ISO/IEC 14496-1, also known as MPEG-4 Systems, provides the technologies to interactively and synchronously represent and deliver audio-visual contents composed of various objects including audio, visual, 2D/3D vector graphics and etc. It specifies a terminal model for time and buffer management, a framework for the identification, description and logical dependencies of the elementary streams, a packet structure carrying synchronization information and a multiplexed representation of individual elementary streams in a single stream (M4Mux).

System Decoder Model, Timing and Buffer management

Since MPEG-4 Systems shall be capable of working in “push” scenario where the sender transmit the data to the terminal without receiving any signal requesting the data, MPEG-4 Systems defines a conceptual model of the terminal complying with MPEG-4 for the sender to estimate the behavior of the terminal in terms of buffer management and synchronization of data coming from different elementary streams. In this model, two conceptual interfaces are defined to describe the decoder behavior. DAI (DMIF Application Interface) is the interface between the demultiplexer and th decoding buffer, and ESI (Elementary Stream Interface) is the interface between the decoding buffer and decoder. DAI provides series of packets, called SL packets, to the decoding buffer of each elementary stream. SL packet contains one full access unit or the fragment of it as a payload and also carries the timing information of the payload for decoding and composition in a header. Each access unit remains in the decoding buffer before the decoding time arrives and produces a composition unit as a result of decoding which will remain the composition memory until the composition time arrives. By using this conceptual model, sender can guarantee the stream does not break the terminal receiving it by causing overflow or underflow of the decoding buffer or composition.

Figure 1. System Decoder Model

Object Description Framework, Method for association

To integrate various audio-visual objects into one presentation, MPEG-4 provides scene description information for spatio-temporal composition of objects and the object description framework to convey information to associate elementary streams to audio-visual objects used in the scene.

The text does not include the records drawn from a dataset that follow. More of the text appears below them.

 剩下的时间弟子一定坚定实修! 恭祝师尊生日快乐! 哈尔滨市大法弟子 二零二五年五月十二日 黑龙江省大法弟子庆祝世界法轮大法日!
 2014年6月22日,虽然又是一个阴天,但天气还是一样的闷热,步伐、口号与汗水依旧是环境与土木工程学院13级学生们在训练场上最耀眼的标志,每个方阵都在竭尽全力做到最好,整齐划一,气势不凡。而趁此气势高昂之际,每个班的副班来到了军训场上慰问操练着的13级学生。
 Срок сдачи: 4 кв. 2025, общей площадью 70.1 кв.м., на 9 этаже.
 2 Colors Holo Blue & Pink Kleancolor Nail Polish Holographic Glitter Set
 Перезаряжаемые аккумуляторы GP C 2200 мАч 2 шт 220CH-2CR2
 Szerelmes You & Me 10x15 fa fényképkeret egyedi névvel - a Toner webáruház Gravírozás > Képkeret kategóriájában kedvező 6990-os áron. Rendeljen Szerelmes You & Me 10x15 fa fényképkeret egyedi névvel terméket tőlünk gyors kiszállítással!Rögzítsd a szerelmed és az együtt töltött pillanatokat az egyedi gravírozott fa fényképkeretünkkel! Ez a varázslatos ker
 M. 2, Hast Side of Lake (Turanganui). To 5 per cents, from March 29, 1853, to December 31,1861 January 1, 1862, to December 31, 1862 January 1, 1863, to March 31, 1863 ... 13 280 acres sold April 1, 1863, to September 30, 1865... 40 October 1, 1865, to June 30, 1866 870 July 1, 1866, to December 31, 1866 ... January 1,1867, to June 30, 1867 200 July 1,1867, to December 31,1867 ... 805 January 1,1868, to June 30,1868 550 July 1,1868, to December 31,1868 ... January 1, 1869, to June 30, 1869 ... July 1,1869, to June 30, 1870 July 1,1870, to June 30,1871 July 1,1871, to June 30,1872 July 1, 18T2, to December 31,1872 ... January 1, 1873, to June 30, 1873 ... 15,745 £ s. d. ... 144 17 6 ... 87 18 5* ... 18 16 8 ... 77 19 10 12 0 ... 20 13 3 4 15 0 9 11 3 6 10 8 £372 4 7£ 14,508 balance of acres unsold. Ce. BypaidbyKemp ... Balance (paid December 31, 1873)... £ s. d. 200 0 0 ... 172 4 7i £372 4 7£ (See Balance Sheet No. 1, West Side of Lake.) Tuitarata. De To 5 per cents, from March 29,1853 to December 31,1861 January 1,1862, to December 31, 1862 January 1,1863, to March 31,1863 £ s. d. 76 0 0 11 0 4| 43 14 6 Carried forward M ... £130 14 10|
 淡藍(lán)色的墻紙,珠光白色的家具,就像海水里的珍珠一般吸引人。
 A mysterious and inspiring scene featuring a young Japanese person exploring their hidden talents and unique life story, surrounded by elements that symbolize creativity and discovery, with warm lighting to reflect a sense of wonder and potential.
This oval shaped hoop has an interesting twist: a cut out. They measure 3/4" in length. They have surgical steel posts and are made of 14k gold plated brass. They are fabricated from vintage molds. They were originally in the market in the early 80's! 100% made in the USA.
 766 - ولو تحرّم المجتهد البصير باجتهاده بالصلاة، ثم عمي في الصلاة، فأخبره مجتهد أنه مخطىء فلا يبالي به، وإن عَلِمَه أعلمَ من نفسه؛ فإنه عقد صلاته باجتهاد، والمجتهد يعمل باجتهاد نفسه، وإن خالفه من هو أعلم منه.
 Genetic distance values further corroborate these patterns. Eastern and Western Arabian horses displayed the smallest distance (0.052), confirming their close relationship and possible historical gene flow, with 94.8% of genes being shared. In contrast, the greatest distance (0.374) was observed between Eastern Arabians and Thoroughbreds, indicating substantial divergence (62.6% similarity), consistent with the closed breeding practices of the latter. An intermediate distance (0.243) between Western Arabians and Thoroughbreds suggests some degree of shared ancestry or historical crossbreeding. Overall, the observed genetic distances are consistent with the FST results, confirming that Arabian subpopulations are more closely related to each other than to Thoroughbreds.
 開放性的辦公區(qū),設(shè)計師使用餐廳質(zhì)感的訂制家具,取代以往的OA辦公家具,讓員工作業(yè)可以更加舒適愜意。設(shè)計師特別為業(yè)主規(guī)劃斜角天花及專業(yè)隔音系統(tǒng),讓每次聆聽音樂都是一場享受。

Each object in the scene requiring association to the elementary stream contains the unique identifier of object descriptor, called object descriptor identifier and object descriptor contains unique identifier of elementary stream, called elementary stream identifier. Object descriptor is a collection of descriptors about elementary streams and each object descriptor can contain more than one descriptors associated to a single object to support scalability of audio-visual objects or capability of choosing one among multiple elementary streams based on user preference such as languages. Elementary stream descriptors include information about the encoding format, configuration information for the decoding process and the sync layer packetization, as well as quality of service requirements for the transmission of the stream and intellectual property identification.

Since scene description and object descriptors are also carried as independent elementary streams, initial object descriptor, a special variant of object descriptor, is designed to be provide the information to access an MPEG-4 presentation. As shown in the Figure 2, initial object descriptor conveys two descriptors about the elementary streams carrying scene description and serious of the object descriptors which are carrying the pointers to each elementary streams.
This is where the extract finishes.